Berpasang-pasangan, itulah yang menjadi kesan pertama ketika pembicaraan mengarah pada dua insan berbeda. Ya, berbeda. Namun, perbedaan yang sesungguhnya tidak benar-benar berbeda. Antara laki-laki dan perempuan. Antara pria dan wanita. Kaum adam dan kaum hawa. Setiap makhluk di dunia Allah ciptakan dengan keseimbangan sedemikian rupa. Bahkan sampai memicingkan mata untuk mencari-cari sesuatu yang tidak memenuhi hukum keseimbangan ini pun, kita tidak akan menemukannya. Karena memang seperti itulah adanya dalam surat cinta-Nya pada kita[1]. Itu kodrat kita. Hal ini pun termasuk dengan adanya perempuan untuk laki-laki. Begitu pula sebaliknya, adanya laki-laki untuk perempuan. Sekalipun kau dapati dua wujud ini dengan segala perbedaannya, namun sejatinya kita ada dalam keseimbangan-Nya.

Jika Sama, Itu Sehati. Jika Berbeda, Itu Saling Melengkapi

Adanya dua insan berbeda dalam satu dunia merupakan salah satu kehendak Allah ingin menunjukkan kesempurnaannya. Sebagai dua makhluk yang diciptakan berbeda dalam bentuk fisik, manusia akan memiliki kecenderungan antara satu jenis kepada jenis yang lainnya. Lihat saja di sekitar kita. Sejauh mata memandang adalah fitrah yang wajar bila kenyamanan didapati dalam bentuk kebersamaan dengan pasangan kita. Laki-laki dengan perempuan, atau sebaliknya. Lumrah bukan?

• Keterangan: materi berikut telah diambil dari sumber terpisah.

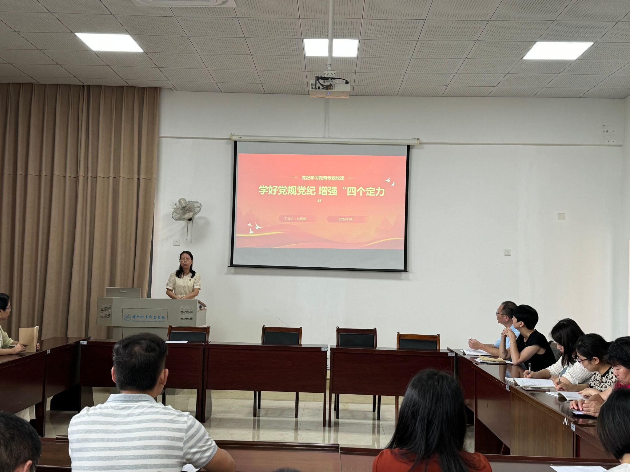 为进一步推进党纪学习教育走深走实,营造风清气正的良好政治生态,锻造忠诚干净担当的党员干部队伍,6月18日,我院党总支书记结合《中国共产党纪律处分条例》,以《学好党规党纪 增强“四个定力”》为题,为全体教职员工上了一堂生动的党纪学习教育专题党课。

Namun, apakah sejatinya kecenderungan itu karena perbedaan fisik semata? Kebanyakan pendapat menyatakan bahwa unsur logika lebih dominan pada diri seorang laki-laki, sebaliknya bagi perempuan. Perempuan dinilai bahwa perasaan lah yang mendominasi dalam dirinya. Apa pun pendapat orang tentang hal tersebut, sejatinya hal tersebut hanya akan menunjukkan satu lagi kesempurnaan-Nya. Berbeda itu tanda saling melengkapi. Sebab, laki-laki dan perempuan dengan masing-masing keunikannya, sejatinya adalah satu jiwa. Satu jiwa untuk saling melengkapi satu sama lain. Sehingga bila ada kesamaan pada keduanya, itu tanda sehati dan berbeda itu saling melengkapi. Bersatunya keduanya bukanlah karena lamanya waktu mereka telah bersama. Namun, semuanya adalah karena buah kecocokan jiwa, begitulah kata penyair Kahlil Gibran[2].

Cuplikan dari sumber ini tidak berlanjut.